Hari Raya Bunda Maria Diangkat ke Surga
Lukas 1:39-56
Beberapa waktu kemudian berangkatlah Maria dan langsung berjalan ke pegunungan menuju sebuah kota di Yehuda. Di situ ia masuk ke rumah Zakharia dan memberi salam kepada Elisabet. Dan ketika Elisabet mendengar salam Maria, melonjaklah anak yang di dalam rahimnya dan Elisabetpun penuh dengan Roh Kudus, lalu berseru dengan suara nyaring: “Diberkatilah engkau di antara semua perempuan dan diberkatilah buah rahimmu. Siapakah aku ini sampai ibu Tuhanku a datang mengunjungi aku? Sebab sesungguhnya, ketika salammu sampai kepada telingaku, anak yang di dalam rahimku melonjak kegirangan. Dan berbahagialah ia, yang telah percaya, sebab apa yang dikatakan kepadanya dari Tuhan, akan terlaksana.” Lalu kata Maria: “Jiwaku memuliakan Tuhan, dan hatiku bergembira karena Allah, Juruselamatku sebab Ia telah memperhatikan hamba-Nya. Sesungguhnya, mulai dari sekarang segala keturunan akan menyebut aku berbahagia, karena Yang Mahakuasa telah melakukan perbuatan-perbuatan besar kepadaku dan nama-Nya adalah kudus. Dan rahmat-Nya turun-temurun atas orang yang takut akan Dia. Ia memperlihatkan kuasa-Nya dengan perbuatan tangan-Nya i dan mencerai-beraikan orang-orang yang congkak hatinya; Ia menurunkan orang-orang yang berkuasa dari takhtanya dan meninggikan orang-orang yang rendah; Ia melimpahkan segala yang baik kepada orang yang lapar, dan menyuruh orang yang kaya pergi dengan tangan hampa; Ia menolong Israel, hamba-Nya, karena Ia mengingat rahmat-Nya, seperti yang dijanjikan-Nya kepada nenek moyang kita, kepada Abraham dan keturunannya untuk selama-lamanya.” Dan Maria tinggal kira-kira tiga bulan lamanya bersama dengan Elisabet, lalu pulang kembali ke rumahnya.
Hari ini kita merayakan Hari raya Bunda Maria diangkat ke surga. Hari raya ini sebenarnya bersumber dari Kitab suci sendiri dimana digambarkan bagaimana relasi yang erat antara Bunda Maria dan Putranya Yesus. Keterikatan yang sangat dekat antara ibu dan anak dalam memerangi musuh internal sampai benar – benar mengalahkannya. Kemenangan ini diexpresikan secara khusus dalam mengalahkan dosa dan kematian, menang atas musuh.
Oleh karena itu, sebagaimana kemuliaan kebangkitan Kristus adalah tanda defenitif kemenangan, demikian pula kemuliaan Maria dalam keperawanananya adalah penegasan akan kepenuhan solidaritasnya dengan Putranya baik dalam kesulitan maupun dalam kemenangan.
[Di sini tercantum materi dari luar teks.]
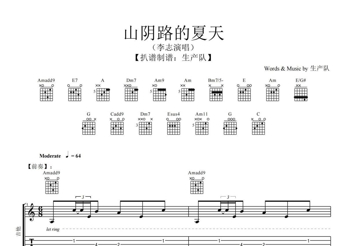 《山阴路的夏天》是李志演唱的一首歌曲,拍号为6/8拍,歌曲速度为每分钟64拍,这份乐队总谱共有一张高清图谱,图谱由 @生产队 编配上传李志演唱的《山阴路的夏天》乐队总谱,包含:吉他,贝斯,钢琴,鼓,主旋律,大提琴共6轨。完整版共43页,购买后需要下载PDF文件查看完整曲谱。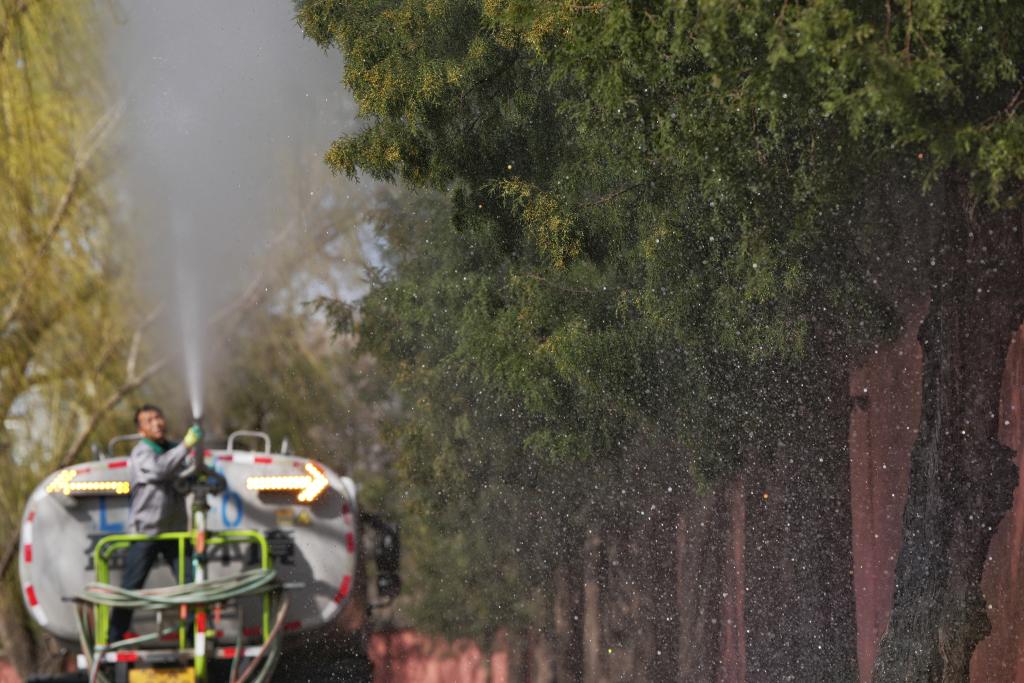 3月19日,北京園林工作人員操作高壓水槍,對圓柏進行沖淋。新華社記者 鞠煥宗 攝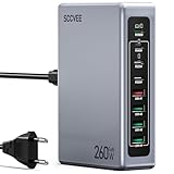 - 【260W Schnellladegerät】 Das USB-C-Ladegerät unterstützt Power Delivery und Quick Charge 3.0 für schnelles Laden mit einer Gesamtleistung von bis zu 260 W. 8 Anschlüsse: 4 USB-C-Anschlüsse und 4 USB-A-Anschlüsse (bis zu 100 W für USB-C und 18 W für USB-A). Laden Sie bis zu 8 Geräte gleichzeitig auf und bringen Sie Ihr Smartphone in nur 30 Minuten von 15 % auf 60 %.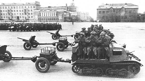 Артиллерийский тягач Т-20 "Комсомолец" на параде 7 ноября 1941 года в Куйбышеве.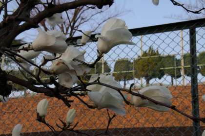 校庭の片隅で、ひっそりと咲く木蓮(モクレン)の花を撮りました。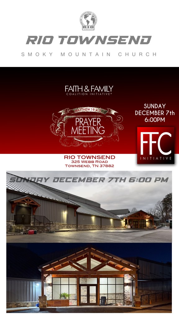 FAITH & FAMILY COALITION will be having a PRAYER MEETING December 7th 6pm at RIO TOWNSEND SMOKY MOUNTAIN CHURCH.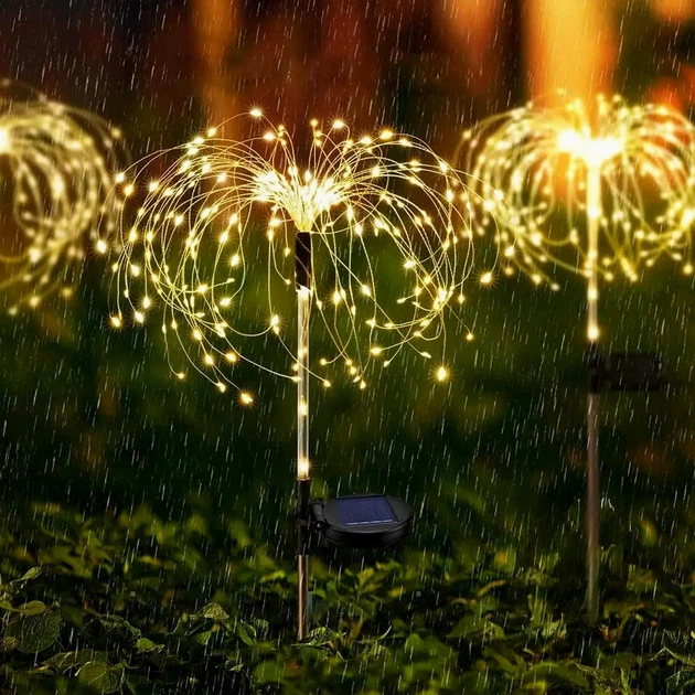 Ліхтар садовий 120LED на сонячній батареї для зовнішнього освітлення басейнів чорний Феєрверк 1шт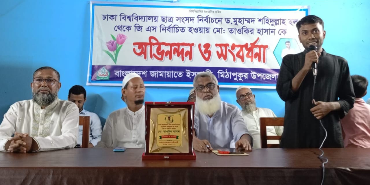 ডাকসু’র জিএস তাওকির হাসানকে মিঠাপুকুর উপজেলা জামায়াতের সংবর্ধনা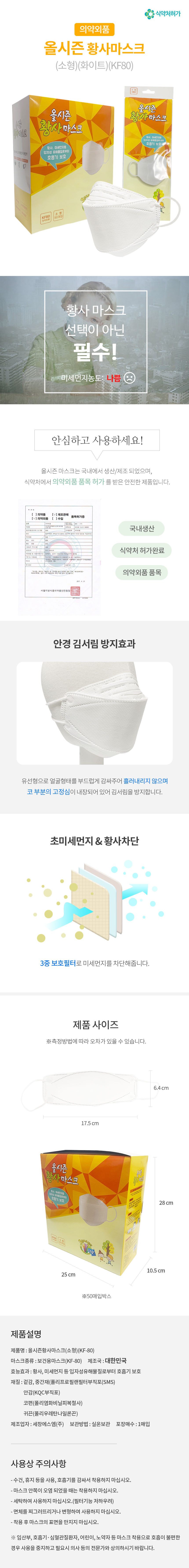 올시즌 황사마스크KF80 (1개입)(소형)(흰색) 국산 이미지/
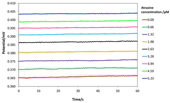 Measurements were performed by immersing the screen-printed cell in 15 mL of the acid solution, gently stirring. At each addition of a standard atrazine solution, the potential was registered and reported as the average of the values sampled in the last 60 s after waiting for the steady state (stability criterium ΔE/Δt = 0.05 mV/s). It was verified that the steady state could be reached in 5 min (See Figure S5 in Supplementary Materials), which is a relatively long time, and it is probably due to the slow diffusion of atrazine across the MIP layer. As an example, Figure 5 shows the potentiometric response of a MIP-based screen-printed cell at different atrazine concentrations.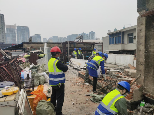 此次行动,北湖街在拆违现场设置警戒组、执法取证组、执行秩序维护组、拆除作业组、医疗保障组等,整合各类执法力量共计90人,各组明确人员及职责分工,联合行动、提升效能,确保老旧小区拆违工作平稳、快速、有序推进。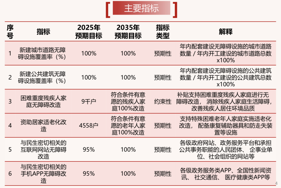 《規(guī)劃》明確了主要指標(biāo):新建城市道路無障礙設(shè)施覆蓋率、新建公共建筑無障礙設(shè)施覆蓋率在2025年達(dá)到100%;困難重度殘疾人家庭無障礙改造,2025年預(yù)期目標(biāo)為9千戶,2035年符合條件有意愿的殘疾人家庭100%改造;資助居家適老化改造,2025年預(yù)期目標(biāo)4558戶,2035年符合條件有意愿的老年人家庭100%改造。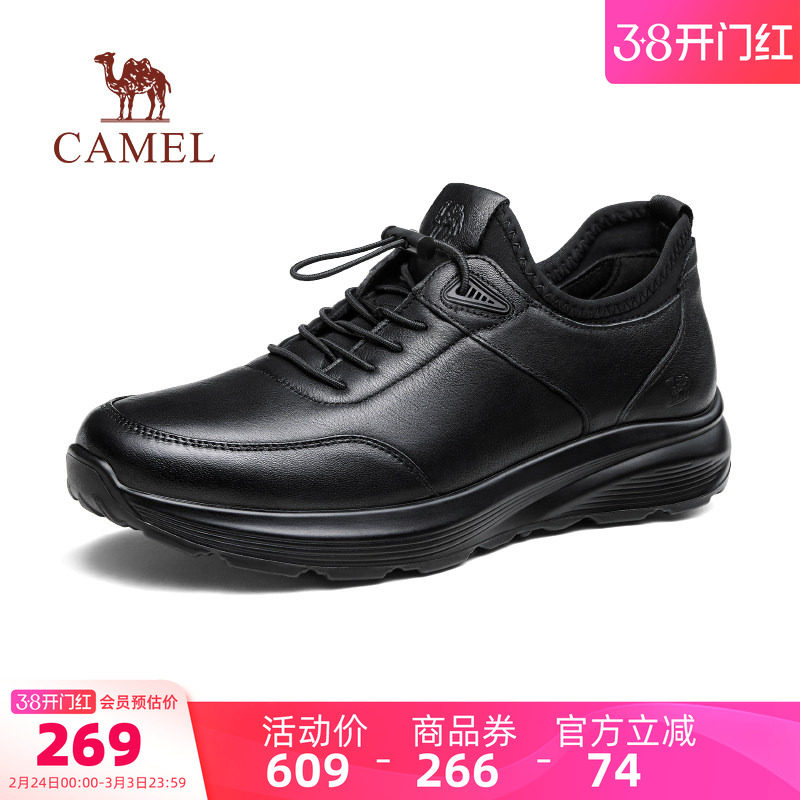 骆驼户外休闲鞋2025冬季新款软面真皮男士耐磨商务健步鞋休闲皮鞋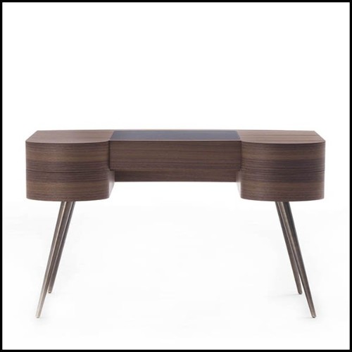 Notre collection de bureaux en acajou, comme notre sublime modèle 24 - Lawrence, et en noyer, comme notre bureau 155 - Tarius s'inscrit dans cette tradition classique d'excellence, où les détails raffinés comme les pieds en laiton brossé témoignent d'un savoir-faire exceptionnel.
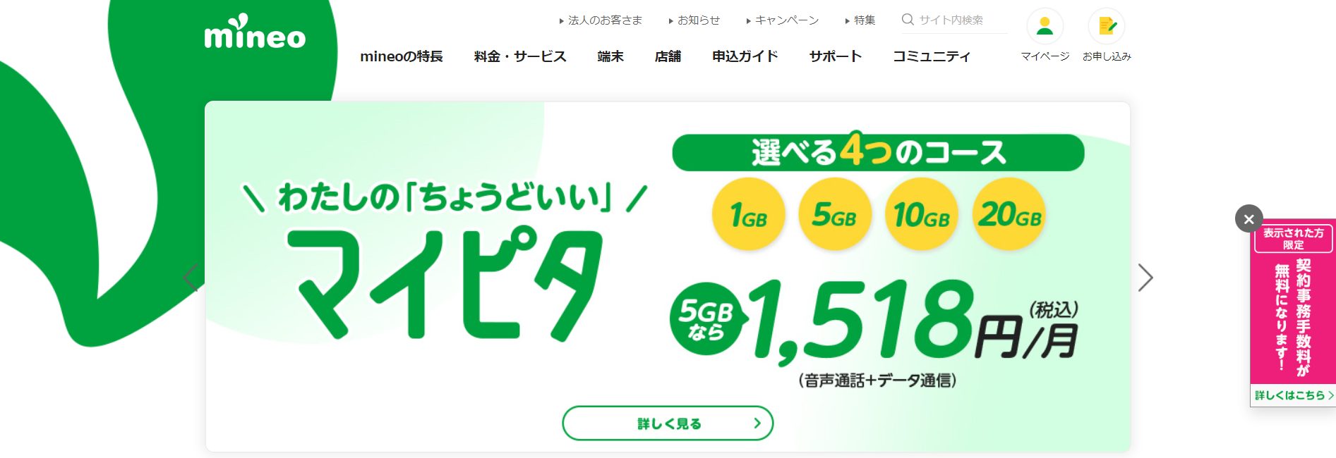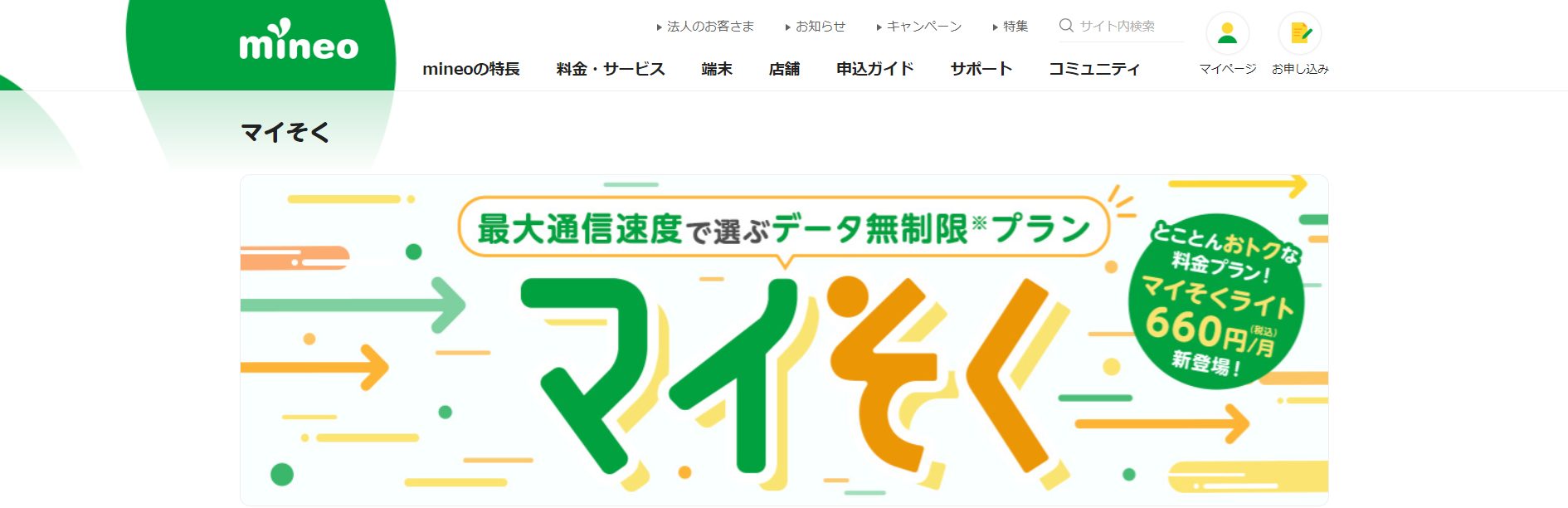 また、mineoというとパケット通信量を節約したり、他ユーザーや家族とパケットをシェアしたりするようなサービスが他社よりも充実している点が特徴で、当サイト経由の申し込みもとても多い人気プロバイダの1つです。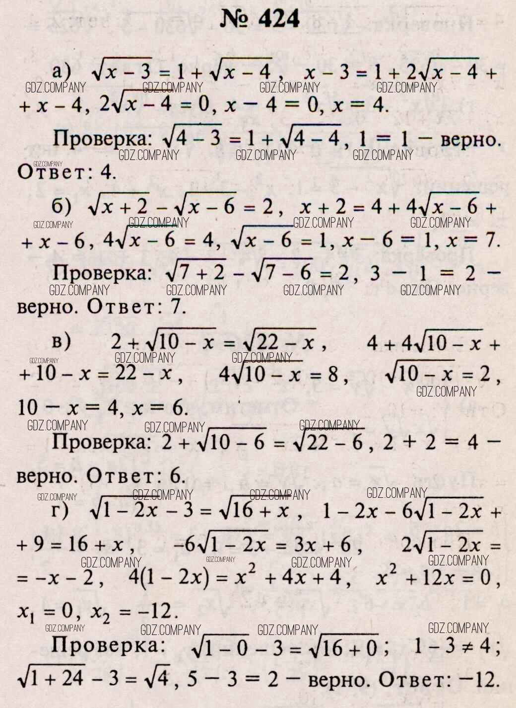 Здесь готовые ответы по Алгебре за 11 (десятый) класс от Колмогоров, Абрамов, Дудницын, Ивлев, Шварцбурд Учебник (издательство: Просвещение от 2008 г.) № 424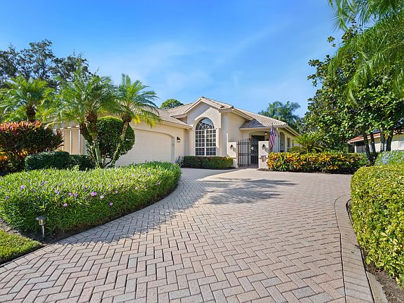 Beautiful Pool home with Lake View in ''Mystic Pines'' at PGA Village. This home offers fabulous Sunsets & tropical landscaping. Features CBS Construction, front gate entrance, tile flooring in main areas, vaulted ceilings, updated lights, fans & Plantation Shutters. Hosts 2 BR's, Large Den, 2 BA's, 2 Car Garage & Golf cart negotiable. Stunning Eat in Updated Kitchen boasts gorgeous quartz counter tops & backsplash, stainless steel appliances, wine cooler, under counter lighting & Island. Split floor plan with spacious Master Suite, sitting area overlooking the lake, walk in closets with built in's, decorative fireplace & Master Bath w/ LG shower & Roman Tub. Screen enclosed heated pool w/ new pump & heater, waterfall pond & summer kitchen. Perfect To entertain! This home is in MOVE IN CONDITION & SHOWS WELL! Included in HOA fee's Manned gated security, lawn care, cable, internet & The Island Club which offers something for everyone. Resort Style pool, patio, fitness center, billiards, card rooms, craft room, ballroom, Tennis, Pickelball, playground, butterfly garden, clubs, entertainment travel & More. Located in PGA Village offering 3 Champion Public golf course or memberships available. Plus the Legacy the private club with another Champion golf course & short course. No mandatory golf membership is necessary to live in PGA Village. Located close to shopping, restaurants, doctors, hospitals, schools & even home of the NY Mets Spring Training. Only 45 minutes from Palm Beach Airport.
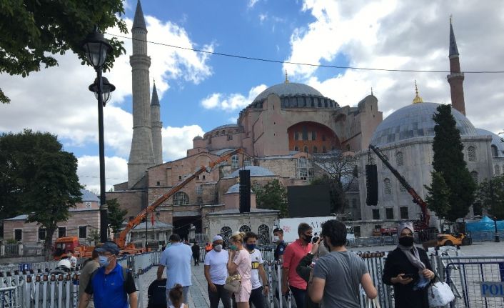 86 yıl aradan sonra kılınan ilk Cuma namazıyla ibadete açılan Ayasofya-i Kebir Cami-i Şerifi’nde yerli ve yabancı turist yoğunluğu yaşanıyor. Avrupa’nın birçok ülkesinden gelen turistler cami içerisine girerek incelemelerde bulundular.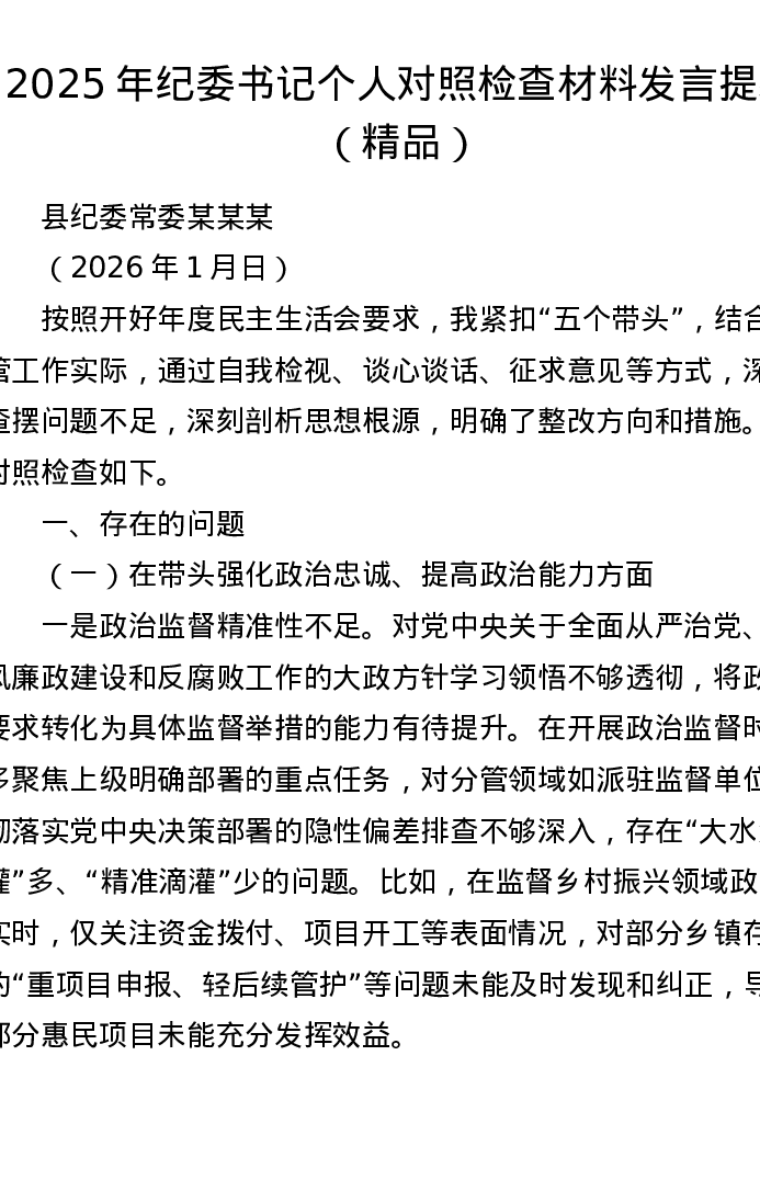 2025年纪委书记xxxxx个人对照检查材料发言提纲(五个带头)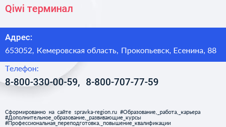 Qiwi, терминал по адресу 653052, Кемеровская область, Прокопьевск, Есенина, 88 в дальнейшем Организация, размещена в следующих категориях:

Setelah diangkat ke surga, Bunda Maria tidak memisahkan dirinya dengan kita, sebaliknya dia semakin dekat dengan kita dan Cahaya wajahnya tetap menyinari kita dan seluruh umat manusia. Keterpesonaan oleh cahaya Surgawi dari bunda penebus memampukan kita kembali untuk percaya kepada dia yang selalu memandang dan melindungi kita dari Surga.
Kita semua membutuhkan pertolongan dan peneguhan untuk menghadapi pencobaan dan tantangan dalam hidup harian kita; kita butuh untuk tetap merasa bahwa dia adalah ibu dan suadari kita dalam menjalani situasi kongkrit hidup kita.
Dengan demikian suatu hari kita juga boleh berbagi kegembiraan sebagaimana dialami bunda Maria. Mari kita mencontohi dia dalam semangat kerendahan hati mengikuti Kristus dan kebaikannya dalam melayani sesama. Ini adalah salah satu cara untuk mencicipi sukacita dan damai sejahtera dimana setiap orang, dalam peziarahnya di dunia ini, menuju tujuan abadi, yakni hidup dalam kepenuhan Surgawi.